Chemically Anchored Black Phosphorus/Chromophore Composite Luminescent Materials towards Solid-State Photoluminescence and Electroluminescence

As a promising two-dimensional (2D) material, black phosphorus (BP) has gained great attention because of its intrinsic physicochemical characteristics. However, BP is easy to be oxidized and form various surface defects, which decreases the charge transport and makes luminescence difficult. Herein, we report a facile strategy to synthesize chemically anchored BP/chromophore composite luminescent materials by integrating 2D BP nanosheets with boron dipyrromethene (BODIPY) dyes through simple sonication reactions.
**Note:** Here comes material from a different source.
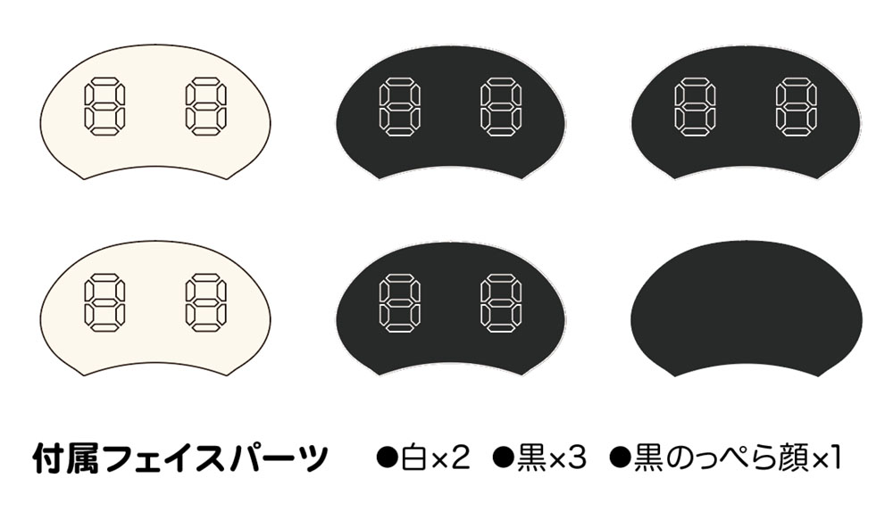 ・パーツカラー:ホワイト、黒、オレンジ、ブルー・フェイスパーツ:白×2、黒×3、黒のっぺら顔×1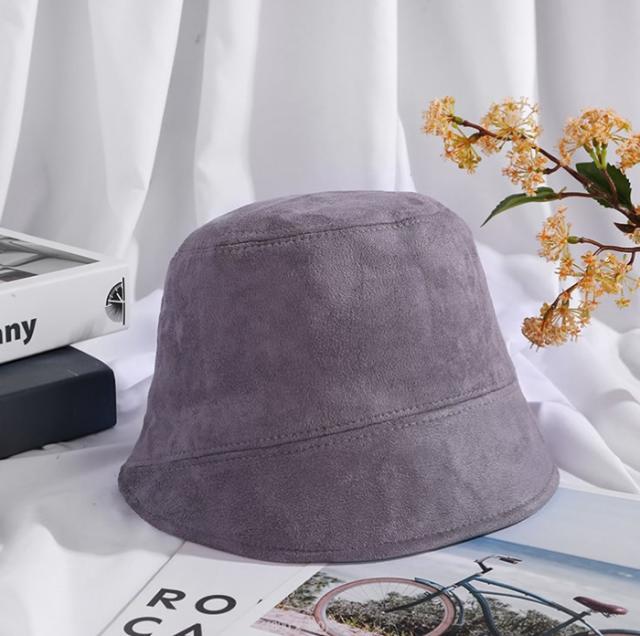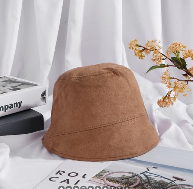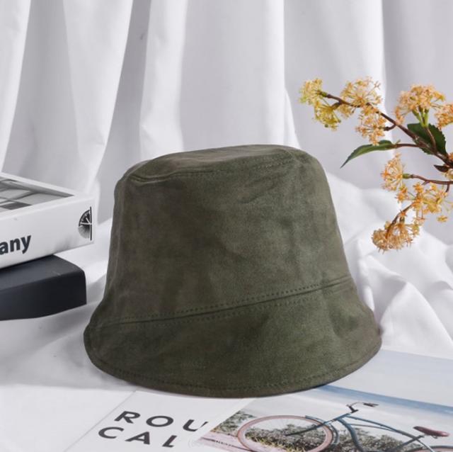 少し上品な色合いのスエードを使ったバケットハットは

Solids of BP composite materials are brightly fluorescent with 5 orders of magnitude increase of photoluminescence intensity compared with the pure solids of BP and BODIPY. 2D BP nanosheets with large specific surface area and lone pair electrons facilitate chemisorption of BODIPY by forming covalent interactions between P and B/N atoms, which not only passivates the surface of BP and eliminates the oxidation, but also prevents the aggregation caused quenching (ACQ) issue of BODIPY. Furtherly, the organic light-emitting diodes (OLEDs) based on the BP/chromophore composite luminescent materials were first successfully achieved, the electroluminescence spectra of which cover the full spectrum of red, green, and blue visible light. This work provides a brand-new approach to further design and development of high mobility and high luminous efficiency composite luminescent materials and devices based on BP.